3) As far as I can tell, most if not all of the N7 missions are just multiplayer levels with - you guessed it - horde style attack waves. Get rid of all of this.
Intermission: The Citadel is not the Normandy
Remember the Citadel in the first game, and how it was one big area and you could get lost? And how in the second game it was reduced in size to a sort of intergalactic shopping mall but still had a decent feel of "I could get lost here, and there's still a bunch of staircases"?
I've yet to see anyone point out that the Citadel in ME3 is pretty much the Normandy in structure and layout: a small collection of rectangular shaped boxes. I could be wrong, but off the top of my head the Citadel even has the same amount of floors. What went wrong here?
Intermission: What have we done so far?
1) Allowed you to side with TIM, or not.
2) Kept Arrival in the game rather than made it optional.
3) Delayed the invasion.
4) Kept the trial in the game, instead of starting it with a confused setup
5) Removed the focus on Earth because your Shep might not actually care, also horribly foreshadowed plot development.
6) Removed the conflict with Cerberus whether you side with TIM or not, because however you look at it this does not make any sense. This siding with one over the other should have affected gameplay and resource choices, not who you spend most of the game shooting at.
7) Made the Reapers relevant again by giving Harbinger his voice back.
8) Freed up resource by ditching the awful N7 missions. Goodbye forever, horde mode.
9) Ditched multiplayer, while I'm at it. I could be wrong, but I've yet to see Bioware mention that you need to do multiplayer to see Shepard survive at the end of the Destroy ending. This is all I can find.

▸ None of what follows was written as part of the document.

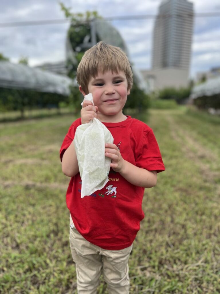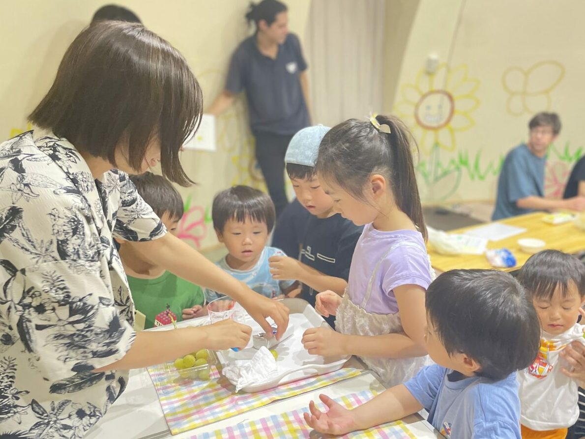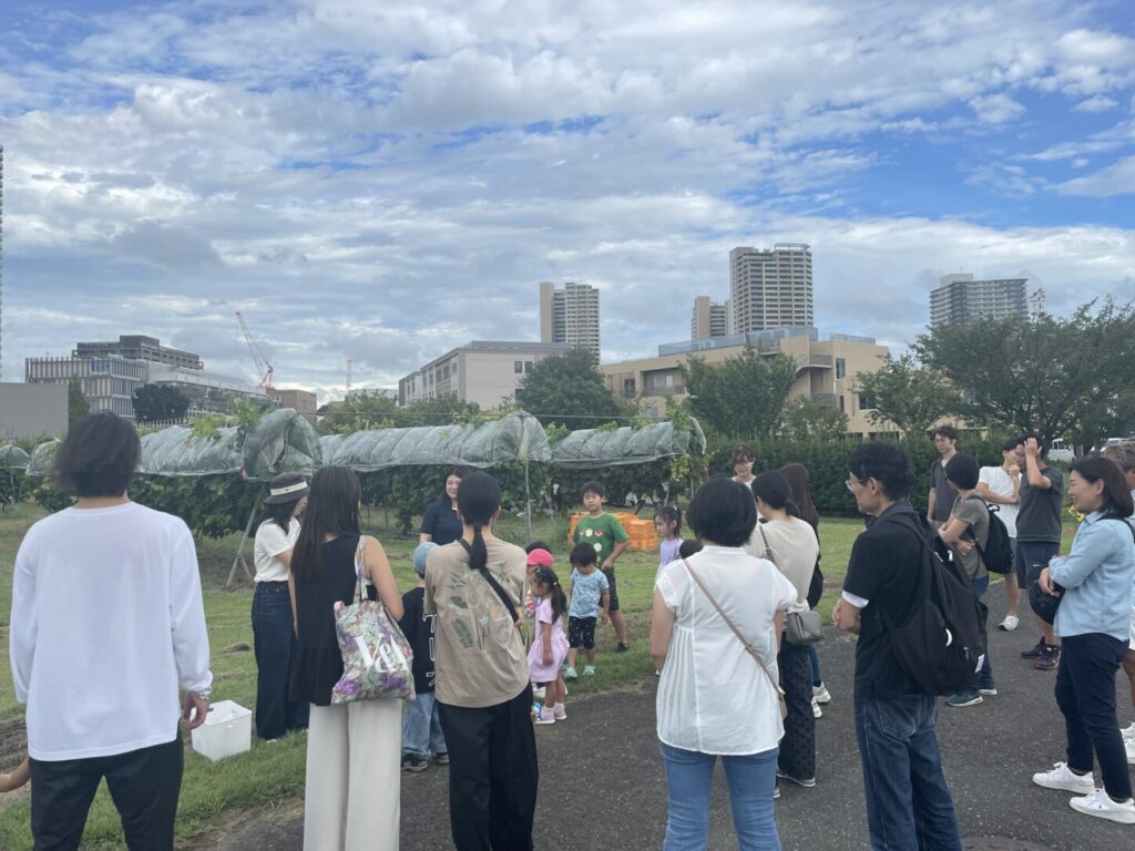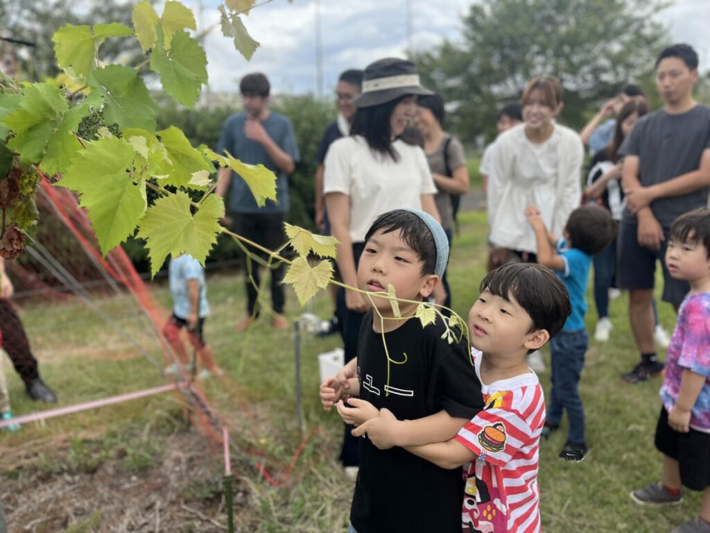 集合場所には、友達や先生に会えること、そしてもちろん美味しいぶどうを収穫して食べられることにワクワクした子どもたちとご家族が、笑顔で集まってきました。

Phew, that's a whole bunch of nipping and tucking. What now? Well, we assume the start of the game has better pacing and makes more sense. The first half of the game is Shepard & co finally getting to see all of the homeworlds you've wanted to explore since day 1 (with no corridor shooting, bonus). Then when the Reapers finally come knocking, the game would play out much as it did before I started typing because the "recruit the funny looking aliens" campaign worked fine despite my endless complaints over too much shooting.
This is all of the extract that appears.